Вэлери испытывает облегчение, что он жалуется на жажду, а не на боль, и быстро приносит коробочку с соком из холодильника в углу палаты. Держа пластиковый контейнер, Вэлери наклоняет соломинку к губам сына.

— Я сам могу, — хмурится Чарли, и Вэлери вспоминает, как накануне доктор Руссо советовал не препятствовать мальчику делать что-то самому, даже если ему и трудно.

Вэлери выпускает коробочку и смотрит, как он неуклюже сжимает ее левой рукой, при этом лицо Чарли делается мрачным. Правая его рука остается неподвижной, они заключена в жесткую повязку с лекарствами, и под нее подложена подушка.

Вэлери чувствует, что мешает, но не в силах остановиться.
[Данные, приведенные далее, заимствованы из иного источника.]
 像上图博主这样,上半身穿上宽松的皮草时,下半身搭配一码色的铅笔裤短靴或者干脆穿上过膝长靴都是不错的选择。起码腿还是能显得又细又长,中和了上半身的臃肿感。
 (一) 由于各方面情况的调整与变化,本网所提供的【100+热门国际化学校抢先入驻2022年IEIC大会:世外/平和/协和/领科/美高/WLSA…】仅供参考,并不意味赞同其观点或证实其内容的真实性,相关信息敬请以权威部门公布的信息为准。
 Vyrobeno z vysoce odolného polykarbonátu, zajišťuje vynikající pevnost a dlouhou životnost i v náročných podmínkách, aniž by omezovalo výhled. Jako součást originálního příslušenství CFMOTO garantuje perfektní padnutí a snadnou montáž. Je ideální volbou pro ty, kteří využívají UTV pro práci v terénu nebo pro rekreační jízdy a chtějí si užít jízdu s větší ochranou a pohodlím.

— Дать тебе что-нибудь еще? — спрашивает она с нарастающей в груди тревогой. — Ты не голоден?

— Нет, — отвечает Чарли. — Но у меня очень зудит рука.
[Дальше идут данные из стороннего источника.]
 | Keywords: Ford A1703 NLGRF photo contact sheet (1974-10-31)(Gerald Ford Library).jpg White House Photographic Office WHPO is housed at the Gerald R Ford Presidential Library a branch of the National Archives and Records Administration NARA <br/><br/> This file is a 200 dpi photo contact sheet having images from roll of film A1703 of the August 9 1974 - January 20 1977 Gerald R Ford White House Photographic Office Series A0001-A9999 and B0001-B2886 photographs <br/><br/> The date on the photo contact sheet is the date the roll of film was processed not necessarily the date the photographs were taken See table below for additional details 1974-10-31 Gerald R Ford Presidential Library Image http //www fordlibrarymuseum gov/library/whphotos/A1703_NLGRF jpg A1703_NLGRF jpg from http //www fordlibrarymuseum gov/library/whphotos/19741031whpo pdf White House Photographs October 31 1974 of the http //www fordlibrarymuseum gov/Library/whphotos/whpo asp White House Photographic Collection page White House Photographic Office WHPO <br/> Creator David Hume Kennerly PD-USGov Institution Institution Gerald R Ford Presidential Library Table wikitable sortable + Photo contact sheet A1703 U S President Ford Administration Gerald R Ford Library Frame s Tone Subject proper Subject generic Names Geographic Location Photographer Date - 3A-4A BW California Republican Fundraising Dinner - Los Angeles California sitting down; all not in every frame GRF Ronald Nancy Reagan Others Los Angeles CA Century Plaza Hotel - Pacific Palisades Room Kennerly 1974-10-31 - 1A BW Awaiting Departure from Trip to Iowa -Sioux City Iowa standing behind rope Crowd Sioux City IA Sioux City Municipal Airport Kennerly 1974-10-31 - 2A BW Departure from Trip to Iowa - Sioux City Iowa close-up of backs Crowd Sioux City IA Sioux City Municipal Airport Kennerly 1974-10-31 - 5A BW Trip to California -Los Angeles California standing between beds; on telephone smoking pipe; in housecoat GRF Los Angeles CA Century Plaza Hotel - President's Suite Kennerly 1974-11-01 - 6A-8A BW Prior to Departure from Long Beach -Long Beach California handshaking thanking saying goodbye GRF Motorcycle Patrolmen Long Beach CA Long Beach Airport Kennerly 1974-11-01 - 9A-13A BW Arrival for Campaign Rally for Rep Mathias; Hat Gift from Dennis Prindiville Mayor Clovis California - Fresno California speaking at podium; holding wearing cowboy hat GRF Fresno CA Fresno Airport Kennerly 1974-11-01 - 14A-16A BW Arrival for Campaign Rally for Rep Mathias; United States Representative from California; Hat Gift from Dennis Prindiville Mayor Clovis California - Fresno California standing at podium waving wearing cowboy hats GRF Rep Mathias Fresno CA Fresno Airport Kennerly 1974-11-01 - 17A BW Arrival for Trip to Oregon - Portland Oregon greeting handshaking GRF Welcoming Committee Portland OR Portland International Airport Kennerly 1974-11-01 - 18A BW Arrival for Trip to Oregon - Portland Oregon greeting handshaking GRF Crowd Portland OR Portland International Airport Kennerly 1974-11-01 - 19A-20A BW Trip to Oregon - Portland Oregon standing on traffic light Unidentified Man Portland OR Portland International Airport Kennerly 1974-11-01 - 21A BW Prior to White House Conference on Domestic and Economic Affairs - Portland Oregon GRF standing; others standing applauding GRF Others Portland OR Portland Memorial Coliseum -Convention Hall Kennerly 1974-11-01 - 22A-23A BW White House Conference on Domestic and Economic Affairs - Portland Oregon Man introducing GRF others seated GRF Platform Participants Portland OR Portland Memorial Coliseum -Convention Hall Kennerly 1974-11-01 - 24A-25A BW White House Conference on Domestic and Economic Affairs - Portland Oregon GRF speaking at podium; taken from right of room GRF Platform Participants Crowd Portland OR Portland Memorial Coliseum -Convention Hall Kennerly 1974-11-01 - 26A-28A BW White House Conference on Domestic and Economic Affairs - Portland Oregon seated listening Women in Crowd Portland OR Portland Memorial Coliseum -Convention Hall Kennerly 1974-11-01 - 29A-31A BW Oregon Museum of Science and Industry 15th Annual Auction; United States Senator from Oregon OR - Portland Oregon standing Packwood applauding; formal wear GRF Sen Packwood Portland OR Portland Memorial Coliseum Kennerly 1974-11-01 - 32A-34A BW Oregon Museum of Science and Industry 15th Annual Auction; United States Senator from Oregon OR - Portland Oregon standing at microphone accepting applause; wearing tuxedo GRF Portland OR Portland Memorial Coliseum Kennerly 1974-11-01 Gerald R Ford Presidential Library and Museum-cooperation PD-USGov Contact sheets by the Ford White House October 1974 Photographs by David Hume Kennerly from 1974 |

— Через минуту мы сменим повязку, — говорит Вэлери. — И смажем руку лосьоном. Это поможет.

— Но почему она так зудит?

Вэлери терпеливо объясняет то, что ему и так уже несколько раз говорили, — железы, вырабатывающие жир, который смазывает кожу, повреждены.

Чарли смотрит на свою ладонь, снова хмурится.
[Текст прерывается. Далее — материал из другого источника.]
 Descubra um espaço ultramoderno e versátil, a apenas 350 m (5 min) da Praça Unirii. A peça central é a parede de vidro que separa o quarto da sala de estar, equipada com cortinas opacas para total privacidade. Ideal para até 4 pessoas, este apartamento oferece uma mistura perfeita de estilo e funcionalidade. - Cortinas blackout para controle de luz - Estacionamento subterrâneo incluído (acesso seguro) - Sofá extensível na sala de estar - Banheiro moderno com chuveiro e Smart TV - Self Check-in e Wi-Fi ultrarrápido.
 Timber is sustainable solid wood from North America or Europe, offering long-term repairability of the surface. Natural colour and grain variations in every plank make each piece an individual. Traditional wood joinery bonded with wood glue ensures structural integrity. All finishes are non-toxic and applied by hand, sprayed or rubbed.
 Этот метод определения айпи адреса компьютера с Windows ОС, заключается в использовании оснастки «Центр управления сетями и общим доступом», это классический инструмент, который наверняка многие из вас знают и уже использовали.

— Она выглядит ужасно, мама.

— Я знаю, милый, — говорит Вэлери. — Но ее состояние постоянно улучшается. Просто коже нужно время, чтобы поджить.

Она размышляет, сказать или нет Чарли о следующей пересадке кожи — первой на лице, — которая назначена на утро понедельника, когда мальчик задает вопрос, разрывающий ей сердце.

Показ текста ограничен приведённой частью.